David McKillop, the senior VP of development and programming at History Channel, is the quiet executive. He has been instrumental in some of the biggest hits at Discovery (Deadliest Catch, Dirty Jobs) and History (Ice Road Truckers, Pawn Stars), so one might expect McKillop’s name to be more often rendered in boldface. But it is a testament to his collaborative style that he has stayed in the shadows.

“Good management often doesn’t get the credit for success. A show does or the talent does,” says Nancy Dubuc, president and general manager of History, who brought McKillop to the network from Discovery. “One of the unspoken successes of the brand, and one that isn’t trumpeted enough, is David’s masterful building of the team and the way we all work together to challenge ourselves.”
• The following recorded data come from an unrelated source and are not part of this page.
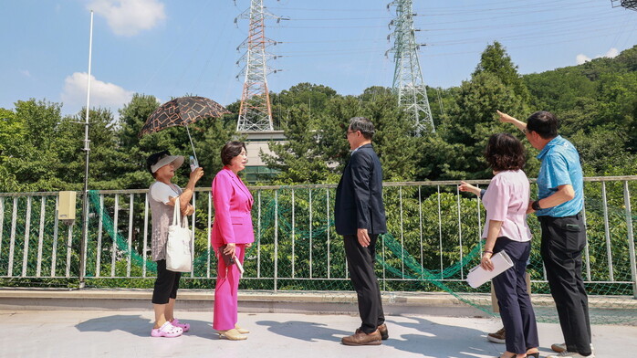 이후 한국전력 관계자들과 시는 청계산 일대 송전탑 현장 실사를 한 뒤 문원동 주민센터에서 송전탑 지중화 민관협의체의 주민대표들과 간담회를 했다.
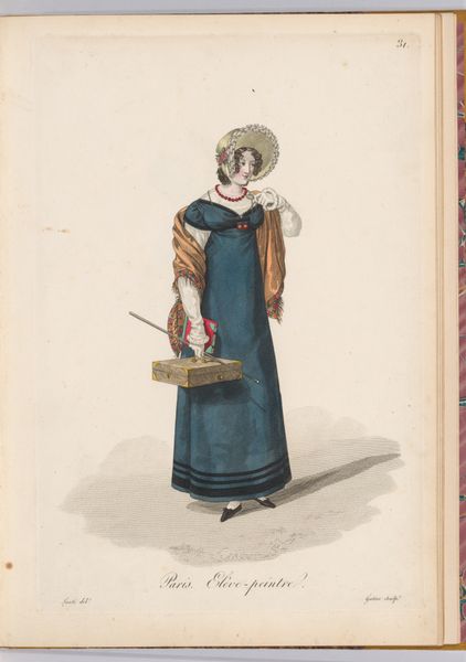 Francisco Fierro created this watercolor drawing of a monk from the order of Barbones, likely in the mid-19th century. The composition is simple: a figure stands in profile against a pale, unmarked ground. The near-monochromatic palette, dominated by blacks and grays, lends a certain austerity. Consider how Fierro utilizes line and shape to define the monk’s habit. The broad-brimmed hat and flowing cloak create strong horizontal and vertical lines, respectively. This structured arrangement reflects the rigid social hierarchies of colonial Peruvian society, where religious orders held significant power. The monk's attire, a visual signifier of his status, becomes a focal point through Fierro's careful rendering. The very act of depicting such a figure raises questions about representation and cultural identity. Fierro seems to present more than just an individual; he offers us a study in semiotics. Here, dress functions as a coded message about the place of religion in Peruvian life. What do you think?
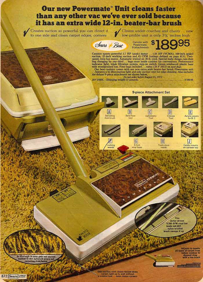 One detail makes it a true inhabitant of the world of 1973: Wood-grained Plastic, for that elegant touch. As I've said before, the only thing for which wood-grained plastic is appropriate is the casket of the man who invented wood-grained plastic. And note the price on this sucker: In modern dollars, that's about $440. But it has a "two-speed motor," for those times when you just want to scare the dust and move it around a little. Maybe herd it around for later. |
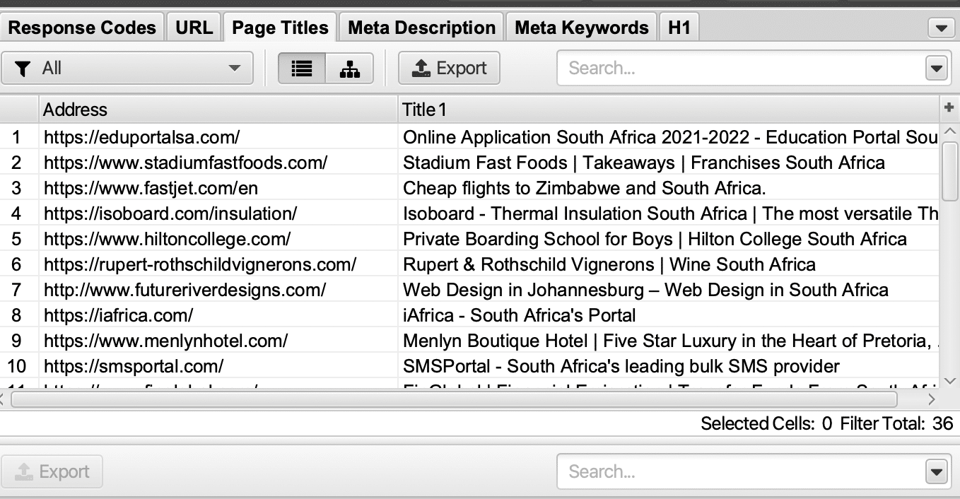그것들을 걸러내기 위해 저는 웹사이트 크롤러인 Screaming Frog를 사용하고 싶습니다.
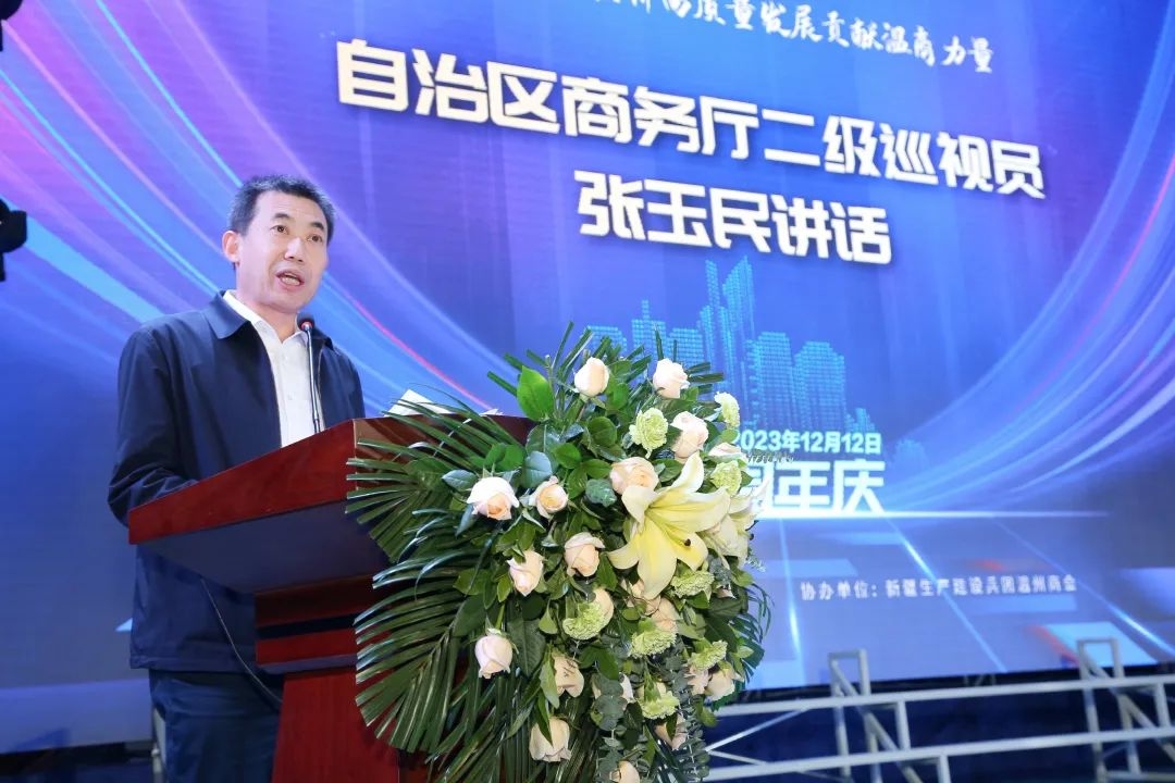 自治区商务厅二级巡视员张玉民在讲话中表示,2023年里,新疆温州商会在加强组织建设、开展交流合作、投资引资、服务企业、参与公益事业等方面做了大量具体而富有成效的工作。希望商会充分发挥好桥梁和纽带作用,为加强新疆与温州的交流与合作多做工作,带动更多企业支持和参与新疆发展,为新疆经济社会高质量发展作出更多商会贡献;温州商会民营企业要牢牢把握发展机遇,增强发展信心,积极参与自贸试验区建设,进一步发展企业、成就更大事业。

McKillop was right alongside Deadliest Catch creator Thom Beers when Discovery was developing the series about the perils of crab fishing in the Bering Sea. “It was one of those crazy endeavors,” recalls Jane Root, former president of Discovery Networks. “The two of them were in Alaska just figuring it out.”

“I think given the career he has, he undoubtedly could be a lot better known outside the networks he’s worked for,” she adds. “It’s not that he’s self-effacing, he’s just quietly confident.”
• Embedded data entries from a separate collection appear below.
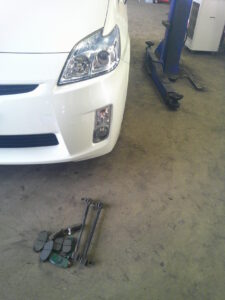 今回は、トヨタ プリウスのフロント・スタビ・リンク、フロント・ブレーキパッド、リヤ・ブレーキパッドの交換をさせて頂きました。
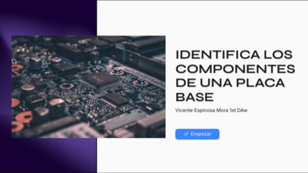 una plantilla interactiva de "Etiquetado" o "Juego de preguntas". Una imagen de una placa base. puntos interactivos en los componentes más importantes. cada punto para mostrar una pregunta o una pista sobre el componente en cuestión.
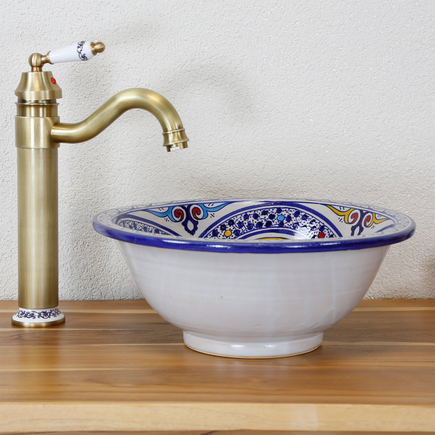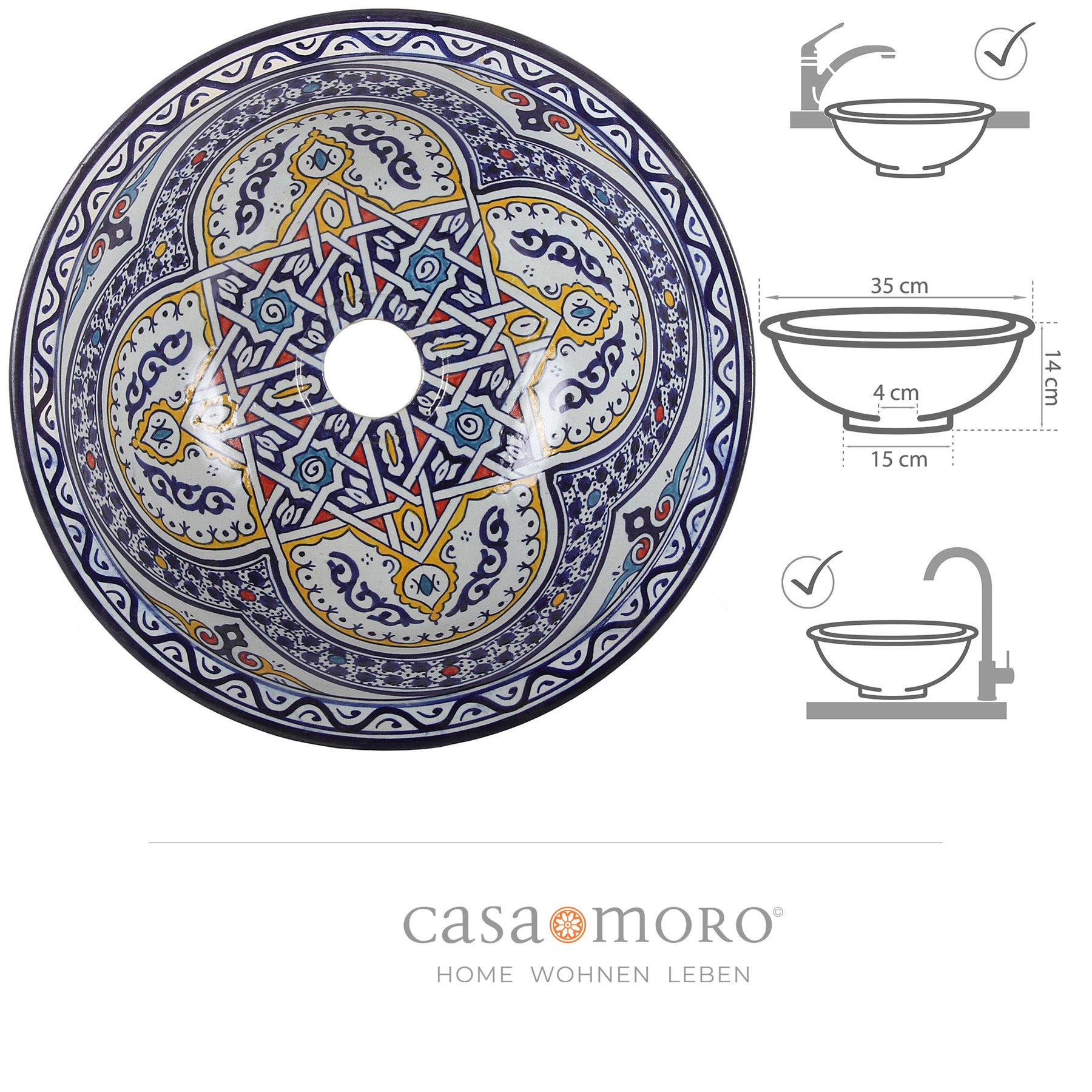 Questo lavabo rotondo da appoggio porta l'arte tradizionale della ceramica di Fes direttamente nel tuo bagno. La città marocchina è considerata un centro per la ceramica di alta qualità: è qui che vengono realizzati con cura artigianale lavabi che combinano perfettamente funzionalità e design. Ogni esemplare è davvero unico con una pittura artistica e un fascino senza tempo: un'attrazione per ogni bagno.
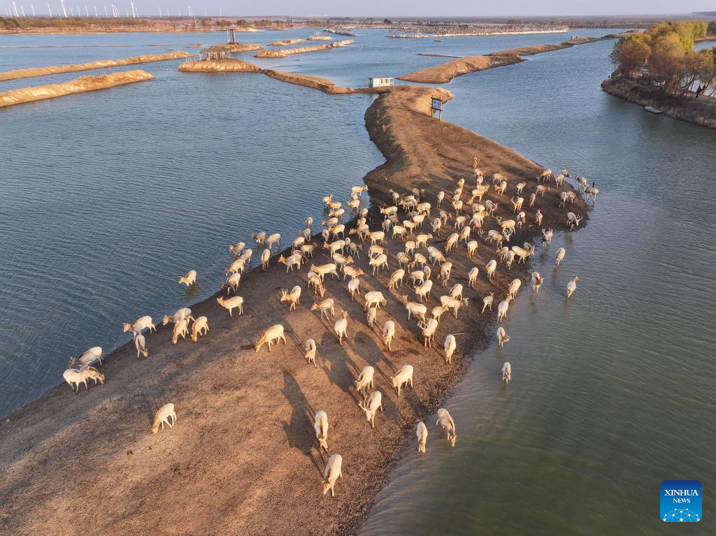 An aerial drone photo shows milu deer in Yancheng, east China's Jiangsu Province, Dec. 21, 2024. Yancheng, located in the middle part of the coastline of Jiangsu Province, is named after the meaning of "city surrounded by salt fields". In recent years, Yancheng has strived to shape a green and livable city through various efforts. (Xinhua/Ji Chunpeng)

In a few years, History has gone from a stolid channel populated by war documentaries to a character-based juggernaut that boasts some of the most widely watched programs on cable. Pawn Stars, which is averaging 5 million viewers this season, is the No. 1 series on ad-supported cable in the 25-54 demographic. The premiere in April of the network’s six-part special America: The Story of Us, produced by Root’s Nutopia, drew nearly 6 million viewers and now stands as the most-watched series in the network’s history. Last week, History rolled out its first competition series, Top Shot. And the network is in production on its first scripted project, a miniseries about the Kennedy family from 24 creator Joel Surnow.

“There is nothing tougher than re-inventing a brand, and they’ve really done a remarkable job. And David’s a huge part of that,” says former broadcast executive Lloyd Braun. His production company, BermanBraun, has multiple shows in development at History, with the upcoming Decoded set to bow this fall.
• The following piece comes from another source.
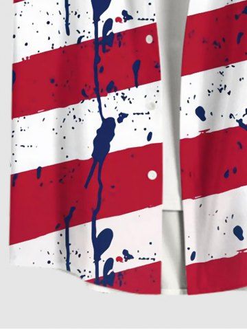 Short Sleeves Shirts > Plus Size Painting Splatter Patriotic American Flag Print Button Pocket Shirt For Men
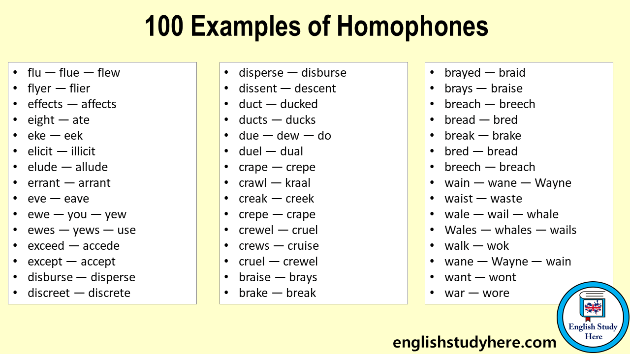 Les homophones sont des mots qui se prononcent de la même manière, mais qui s'écrivent différemment. Voici des exemples :

McKillop’s talent for team leadership isn’t surprising given his background. His late father was a diplomat in the Foreign Service, and David was the youngest boy in a family of five siblings.

McKillop’s family lived in Tunisia and Brussels until David was 6, and then moved to Washington, D.C. “My first memory of America was coming into New York harbor on the USS America and my father getting us all up to go on deck to look at the Statue of Liberty,” he says.

McKillop studied human ecology and history at Connecticut College. After graduation, he worked in the physics department at the Smithsonian National Museum of American History, where he helped design an exhibit on atomic clocks. That led to an opportunity to work with Martin Carr, who was producing Smithsonian World for WETA. (It was narrated by thenunknown author David McCullough.)

He has worked in production and development ever since. He spent nearly a decade at National Geographic, where he helped launch the Explorer series. He left Nat Geo to start his own company, producing a science magazine for Discovery, which led to a staff job in Discovery’s programming and development group.

“David is really a producer’s producer,” Dubuc says. “He truly understands how complicated it is to get these shows done. He also has amazing editorial instincts.”

A voracious reader, McKillop has a knack for keeping his finger on the pulse of the Zeitgeist. “I’m naturally curious, and I think that’s key to being a programmer,” he says. “I love information. I love science. History is my real passion.”

But, as usual, McKillop is quick to deflect the credit. “I think our secret weapon is our corporate culture,” he points out. “What I’ve learned is that if you give people the space to make their own decisions, to feel safe to take risks, and if you’re transparent in all of your dealings with them, you’ll get the performance we’re getting from the History programming team. I guess I’m part diplomat, part cheerleader and part father.”